Directions for this task: The output should hold exactly, and only, the lines from the line bearing "Apply as per" through the last line of the listing below, and no pictures.

Exercise data:
========
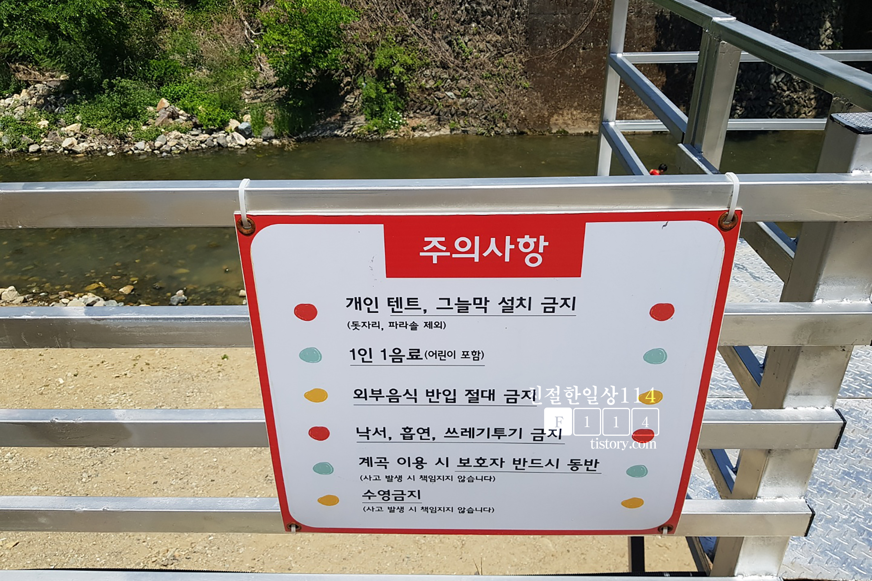 계곡에 내려가기전 난간에 붙어있는 주의사항을 읽어본다. 개인텐트, 그늘막 설치 금지! 돗자리와 파라솔은 펼 수 있다.
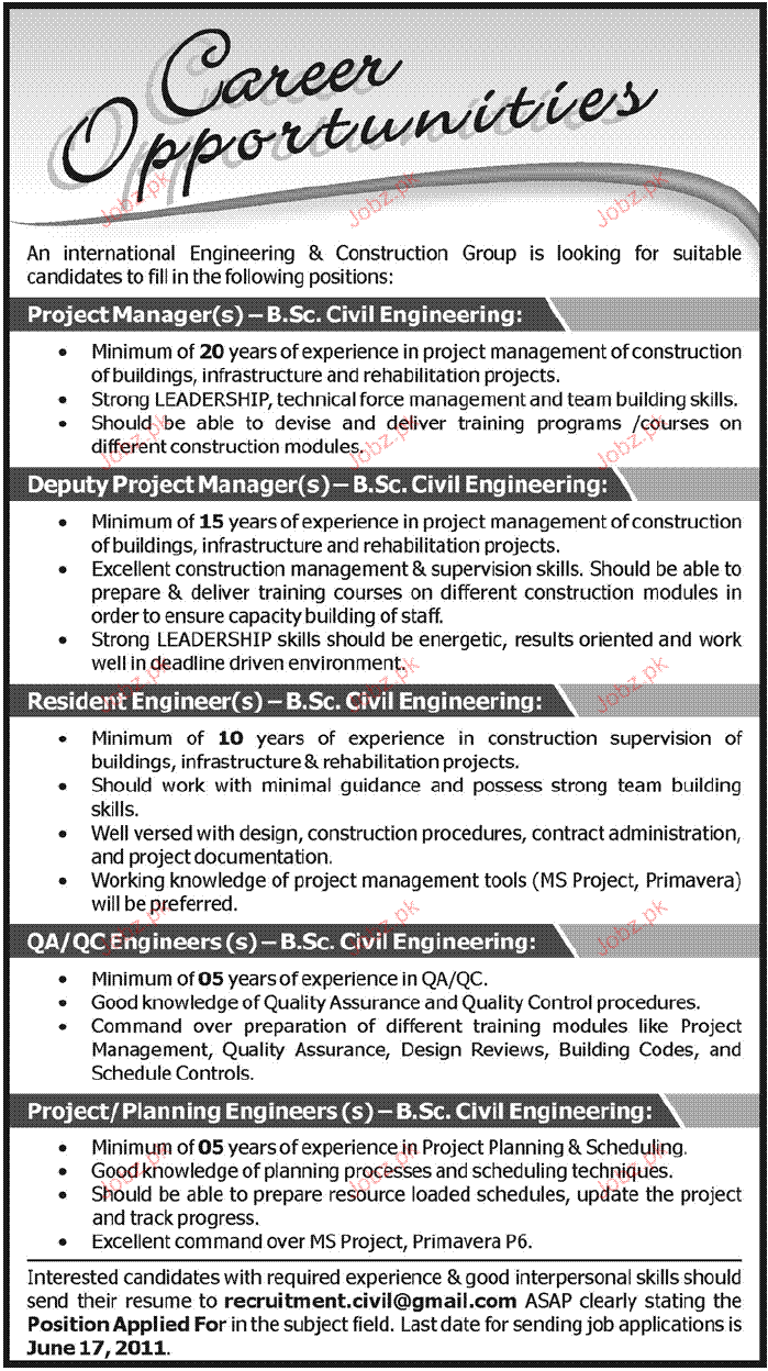 Apply as per details in job advertisement. Login to view further details of how to apply via https://www.jobz.pk online.
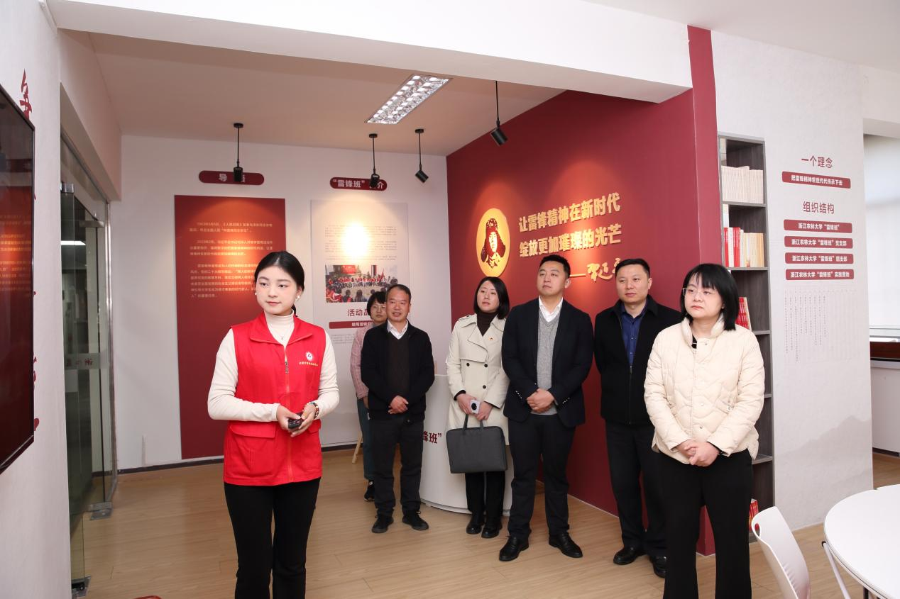 徐夢(mèng)周一行還參觀了浙江農(nóng)林大學(xué)團(tuán)校教學(xué)基地——馬克思主義學(xué)院“紅藏室”、第八批全國(guó)學(xué)雷鋒活動(dòng)示范點(diǎn)——浙江農(nóng)林大學(xué)雷鋒班。校團(tuán)委、馬克思主義學(xué)院、文法學(xué)院相關(guān)負(fù)責(zé)人陪同調(diào)研。
========
Exercise output:
 Apply as per details in job advertisement. Login to view further details of how to apply via https://www.jobz.pk online.
 徐夢(mèng)周一行還參觀了浙江農(nóng)林大學(xué)團(tuán)校教學(xué)基地——馬克思主義學(xué)院“紅藏室”、第八批全國(guó)學(xué)雷鋒活動(dòng)示范點(diǎn)——浙江農(nóng)林大學(xué)雷鋒班。校團(tuán)委、馬克思主義學(xué)院、文法學(xué)院相關(guān)負(fù)責(zé)人陪同調(diào)研。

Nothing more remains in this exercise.